(Records from a data source)
Start of Block

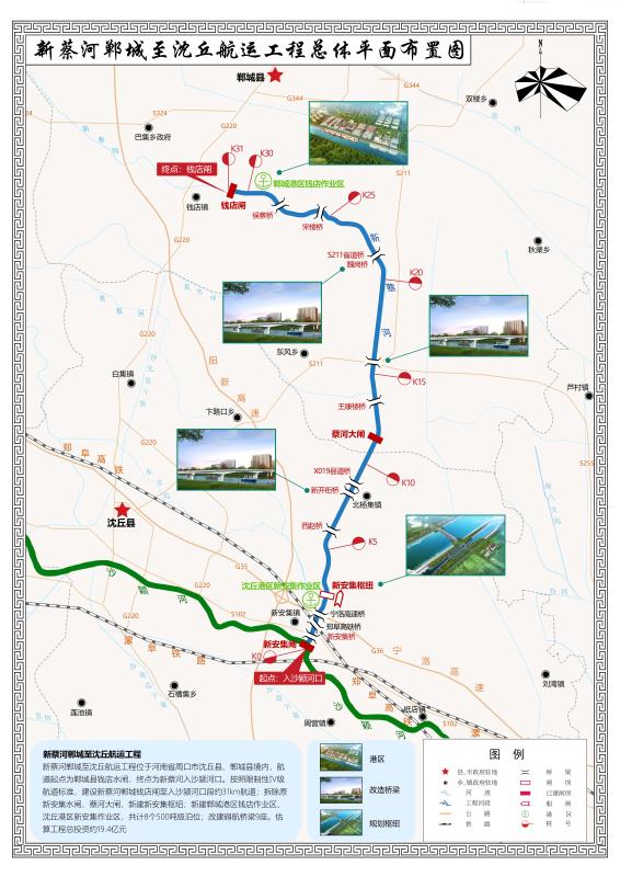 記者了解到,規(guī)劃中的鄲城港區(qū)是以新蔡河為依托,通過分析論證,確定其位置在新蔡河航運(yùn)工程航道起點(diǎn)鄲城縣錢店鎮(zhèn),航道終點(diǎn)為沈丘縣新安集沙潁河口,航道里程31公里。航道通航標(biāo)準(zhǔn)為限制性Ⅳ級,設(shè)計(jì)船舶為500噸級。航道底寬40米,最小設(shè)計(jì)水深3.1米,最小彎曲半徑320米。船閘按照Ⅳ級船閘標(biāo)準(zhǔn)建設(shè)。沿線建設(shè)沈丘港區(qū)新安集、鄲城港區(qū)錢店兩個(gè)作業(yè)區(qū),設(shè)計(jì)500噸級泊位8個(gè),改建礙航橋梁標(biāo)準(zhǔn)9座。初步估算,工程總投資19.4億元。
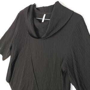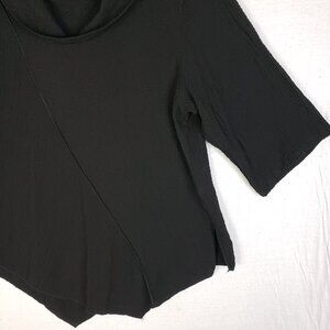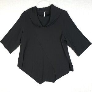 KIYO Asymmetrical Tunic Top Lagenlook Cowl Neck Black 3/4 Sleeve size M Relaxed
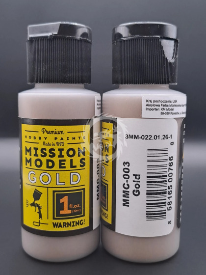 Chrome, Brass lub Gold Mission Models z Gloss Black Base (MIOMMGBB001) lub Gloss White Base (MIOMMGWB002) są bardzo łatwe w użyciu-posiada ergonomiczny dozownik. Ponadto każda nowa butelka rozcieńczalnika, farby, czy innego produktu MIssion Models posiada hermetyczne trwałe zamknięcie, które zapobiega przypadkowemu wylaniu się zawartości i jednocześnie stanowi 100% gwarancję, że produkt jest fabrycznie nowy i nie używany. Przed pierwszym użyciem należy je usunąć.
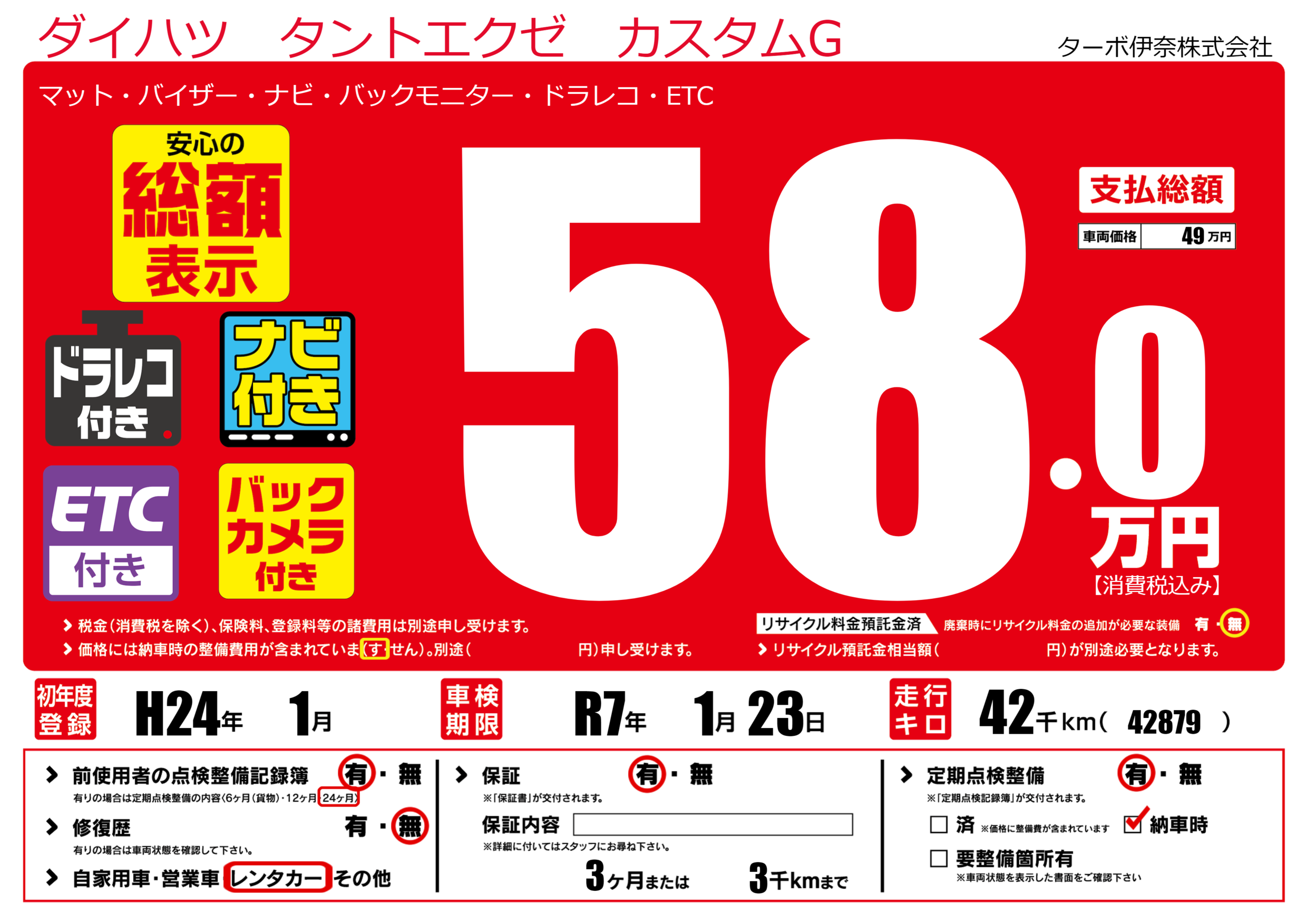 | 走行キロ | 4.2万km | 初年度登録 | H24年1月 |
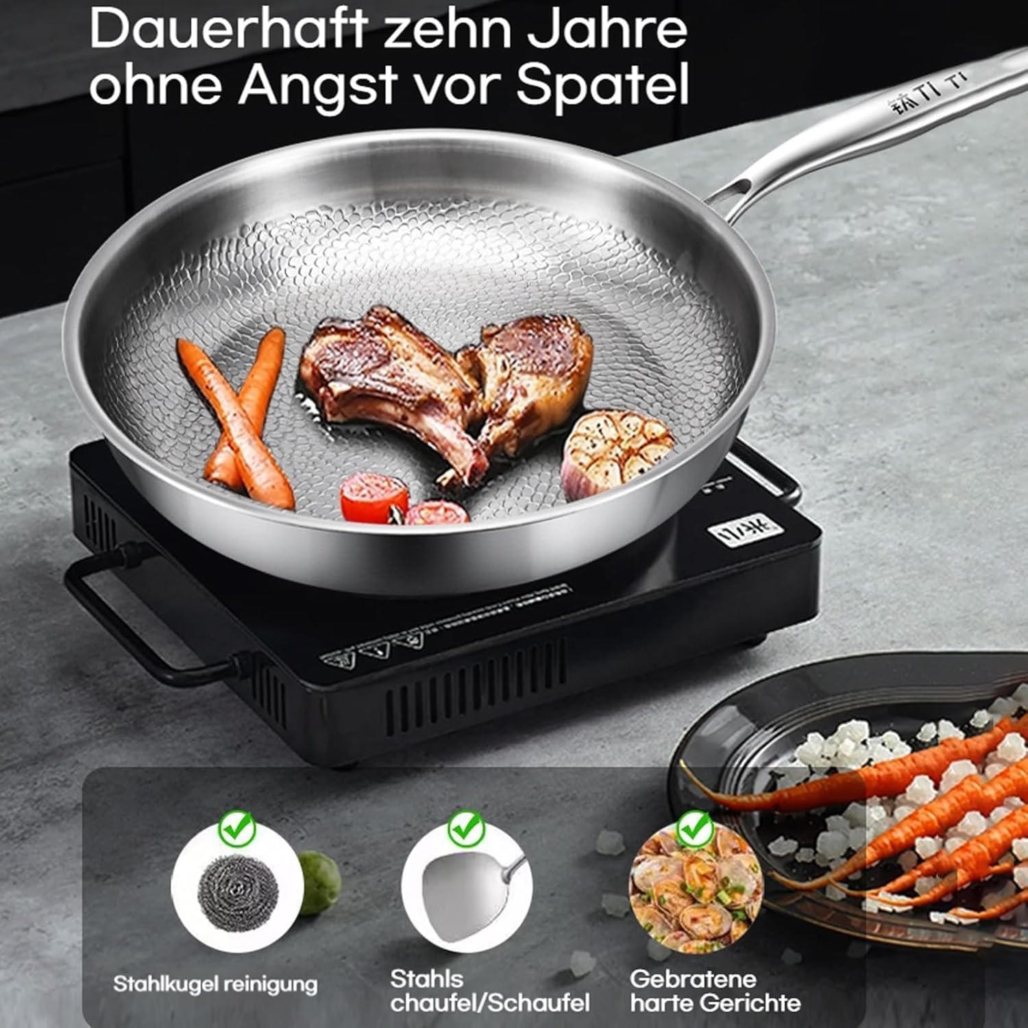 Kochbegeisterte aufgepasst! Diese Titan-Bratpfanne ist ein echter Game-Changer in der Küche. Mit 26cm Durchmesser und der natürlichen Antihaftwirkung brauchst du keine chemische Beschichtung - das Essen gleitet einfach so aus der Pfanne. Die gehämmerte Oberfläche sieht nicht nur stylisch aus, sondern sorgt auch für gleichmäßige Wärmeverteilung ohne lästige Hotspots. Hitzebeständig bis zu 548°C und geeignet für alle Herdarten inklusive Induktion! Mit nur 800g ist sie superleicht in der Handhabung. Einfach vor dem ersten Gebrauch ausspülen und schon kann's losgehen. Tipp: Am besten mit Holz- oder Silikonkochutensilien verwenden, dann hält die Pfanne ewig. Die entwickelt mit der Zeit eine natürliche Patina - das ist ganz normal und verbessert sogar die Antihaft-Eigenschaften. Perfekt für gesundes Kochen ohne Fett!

End of Block

ACTION ITEM: First drop every picture, then print the data above exactly as it stands.

SOLUTION TO THIS TASK:
 記者了解到,規(guī)劃中的鄲城港區(qū)是以新蔡河為依托,通過分析論證,確定其位置在新蔡河航運(yùn)工程航道起點(diǎn)鄲城縣錢店鎮(zhèn),航道終點(diǎn)為沈丘縣新安集沙潁河口,航道里程31公里。航道通航標(biāo)準(zhǔn)為限制性Ⅳ級,設(shè)計(jì)船舶為500噸級。航道底寬40米,最小設(shè)計(jì)水深3.1米,最小彎曲半徑320米。船閘按照Ⅳ級船閘標(biāo)準(zhǔn)建設(shè)。沿線建設(shè)沈丘港區(qū)新安集、鄲城港區(qū)錢店兩個(gè)作業(yè)區(qū),設(shè)計(jì)500噸級泊位8個(gè),改建礙航橋梁標(biāo)準(zhǔn)9座。初步估算,工程總投資19.4億元。
 KIYO Asymmetrical Tunic Top Lagenlook Cowl Neck Black 3/4 Sleeve size M Relaxed
 Chrome, Brass lub Gold Mission Models z Gloss Black Base (MIOMMGBB001) lub Gloss White Base (MIOMMGWB002) są bardzo łatwe w użyciu-posiada ergonomiczny dozownik. Ponadto każda nowa butelka rozcieńczalnika, farby, czy innego produktu MIssion Models posiada hermetyczne trwałe zamknięcie, które zapobiega przypadkowemu wylaniu się zawartości i jednocześnie stanowi 100% gwarancję, że produkt jest fabrycznie nowy i nie używany. Przed pierwszym użyciem należy je usunąć.
 | 走行キロ | 4.2万km | 初年度登録 | H24年1月 |
 Kochbegeisterte aufgepasst! Diese Titan-Bratpfanne ist ein echter Game-Changer in der Küche. Mit 26cm Durchmesser und der natürlichen Antihaftwirkung brauchst du keine chemische Beschichtung - das Essen gleitet einfach so aus der Pfanne. Die gehämmerte Oberfläche sieht nicht nur stylisch aus, sondern sorgt auch für gleichmäßige Wärmeverteilung ohne lästige Hotspots. Hitzebeständig bis zu 548°C und geeignet für alle Herdarten inklusive Induktion! Mit nur 800g ist sie superleicht in der Handhabung. Einfach vor dem ersten Gebrauch ausspülen und schon kann's losgehen. Tipp: Am besten mit Holz- oder Silikonkochutensilien verwenden, dann hält die Pfanne ewig. Die entwickelt mit der Zeit eine natürliche Patina - das ist ganz normal und verbessert sogar die Antihaft-Eigenschaften. Perfekt für gesundes Kochen ohne Fett!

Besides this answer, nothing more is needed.